After Matt was in bed, Emily went to Maria’s apartment on Broadway and Ninety-fifth for her women’s group. Several members had worked together on a parents’ cooperative day-care center, which in most cases meant “mothers’ cooperative.” The center, held in the church basement that housed workshops on nonviolence during the sixties, included children of every hue, relics of the Revolution: mocha children of black-white unions; Maria’s daughter, Cleo, who’d been conceived to keep her father out of Vietnam; adopted American Indian and Vietnamese children. Instead of cowboys and Indians, the children played Capitalists and Workers.
Emily had lost track of Lou after her freshman year when she’d concluded Lou was an Oreo, but one morning at the center they found themselves face to face. Lou’s greying hair was cut short and looked like steel wool. She wore a khaki army shirt and sunglasses. Her hands rested on the heads of two small dark children; she explained later they were to have been soldiers for the Black Nation. Her husband apparently spent most of his time stockpiling weapons. She was in law school on a grant and was in love with a white woman law student. They stared at each other for a long time. Finally Lou smiled and drawled, “Hey, gal. How you making it?”
When Emily first started going to the women’s group, Justin asked, “What do you girls do—swap recipes?” He chortled.
Emily smiled, pinchedly. “No, we examine the ways in which this society has conditioned us to put up with remarks like that. I mean, really, Justin. Would you say to a Black Panther, ‘What do you do, eat watermelon?’”
“The lady talks back! Well, my dear, you’re getting there.”
“Don’t you patronize me, Justin Lawson.”
“You’re quite right,” he said with a grin. “And I’m proud of you for not letting me get away with it.”
The first meetings consisted of discussions of why they were meeting. Unable t
o come to a unanimous conclusion, they decided just to meet and not worry about it.
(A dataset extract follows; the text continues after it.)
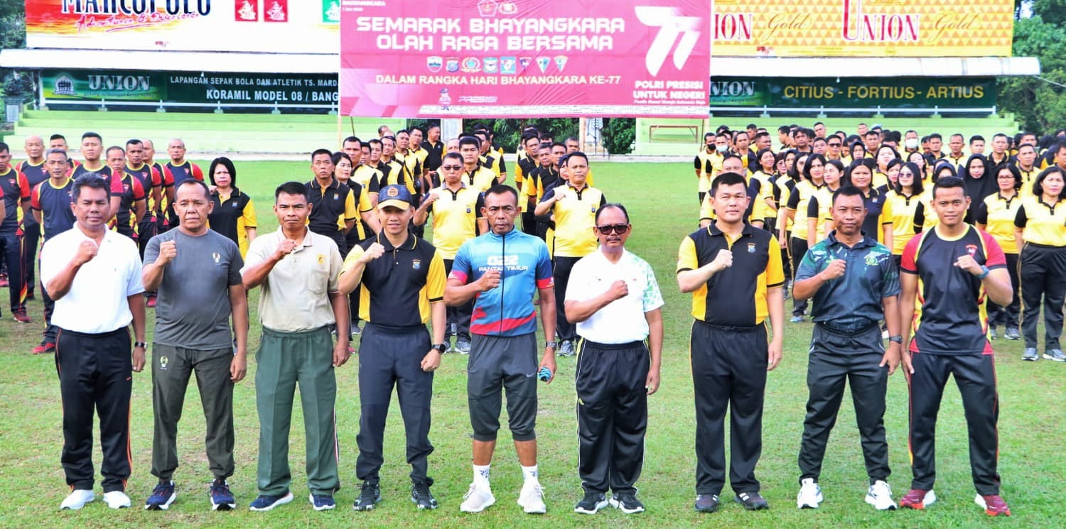 Olahraga bersama yang dilaksanakan oleh Polres Simalungun dalam rangka Hari Bhayangkara ke-77 Tahun 2023 dan HUT Ke 73 Kodam I/BB dengan tema “Bersinergi Untuk Negeri”.

For the next several months they discussed what the format should be, given that they all loathed the hierarchical pattern bequeathed them by the patriarchy. Should they rotate discussion leaders, or do without leaders altogether? Should they pick a topic for each week, read the same book? Or should topics just evolve? They could never make up their collective mind. They finally decided whoever was having the meeting in her apartment would be responsible for the structure of that meeting.
Justin, meanwhile, was less than enchanted. “Next thing you know, you girls will be referring to yourselves as Third World. Colonized by male imperialists!” He crowed from where he lay with his parachutist boots on the couch.
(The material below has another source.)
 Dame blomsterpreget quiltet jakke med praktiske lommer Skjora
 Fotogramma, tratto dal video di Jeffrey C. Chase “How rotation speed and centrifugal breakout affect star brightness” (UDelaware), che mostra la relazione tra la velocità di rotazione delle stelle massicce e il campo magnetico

“The analogy’s been drawn,” said Emily.
He gazed at her with amazement. “Counterrevolutionary,” he announced. “A bunch of spoiled middle-class white women coffee-klatching. When millions of nonwhites and workers across the world are being exploited.”
“Two of us are black. And we’re all working—the housewives for room and board, and the rest of us for half what men are paid.”
He gave her a look of such political contempt that she shriveled like a cock facing circumcision, scuttled over and kissed his forehead, a heretic slobbering over the ring of the Grand Inquisitor.
“What I want to know,” Emily explained as they drank red wine in Maria’s cluttered living room, “is when I get sympathized with.”
“When are you going to get yourself a good woman?” Maria asked with a grin. She drew on her cigarette, while everyone except Kate and Lou sputtered indignantly. Kate, a lover of Maria’s, was a small woman in bib overalls with lots of curly hair, who worked as an electrician’s apprentice. She spoke little but gave disdainful looks when anyone said something thoughtlessly heterosexual, referring to the rest of the group as the Het-Set.